Despite this Malaysia is said to be the largest destination for Japanese retirees outside of Japan with some 3,872 MM2H visas having been issued to Japanese nationals since the MM2H programme began in 2002.
In May realestate.com.kh, one of the prime sources of real estate news and data in Cambodia reported growing interest in the country as a destination for China’s high-net-worth individuals.
In a January 2015 report specialty Chinese property website Juwai.com noted that ‘more and more Chinese are venturing to park their cash in property overseas… but where next’. Quoting data from the National Association of Realtors the publication said Chinese buyers spent $22 billion on American property last year, almost a 72 per cent increase over 2013.
While noting that Cambodia may not yet be a ‘popular emigration or education destination for most wealthy Chinese, realestate.com.kh said those seeking pure investment opportunities are offered a unique proposition in the rising market of Phnom Penh’.
Coinciding with news of the new Cambodia retirement visa were plans unveiled by the country’s tourism ministry to attempt to lure more elderly tourists. Only 4 per cent of the 4.8 million tourists who visited Cambodia last year were aged 65 or more according to the tourism ministry, something it is keen to improve on.

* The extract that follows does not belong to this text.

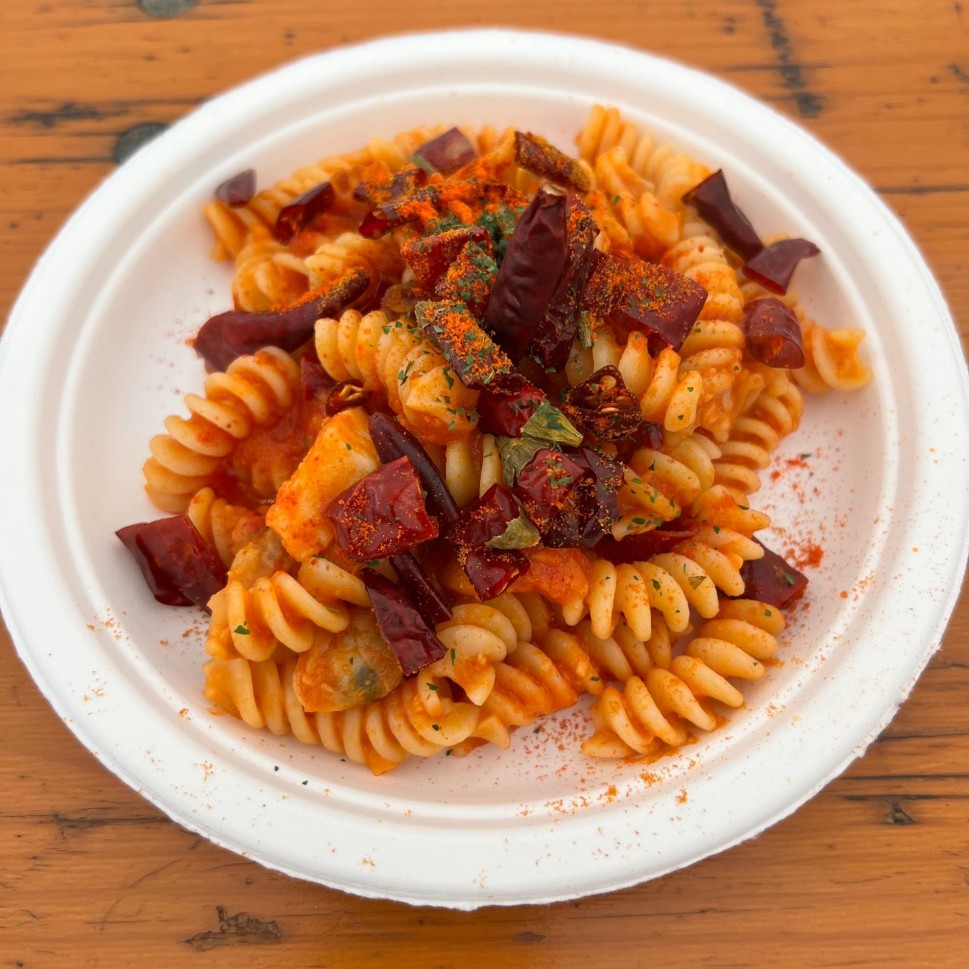 唐辛子を丸ごと大量にまぶして辛さを増しており、トマトソースとよく合った辛さを打ち出しています。これはいいですね。

In an interview with The Phnom Penh Post Chhay Khunlong, deputy director-general for tourism was quoted as saying” “The number of senior tourists will increase in the future, so we need to give more attention to create tourism products and services that reflect [this].” Elderly visitors need to be provided with better access to health care services and easier access to extended visas, he was reported as saying.
With both Malaysia and Thailand well established as Asean centres for medical tourism and desirable retirement locations Cambodia is likely to have its work cut out in attracting significant numbers of health assurance concerned retirees without significant improvements and investment in both healthcare and infrastructure.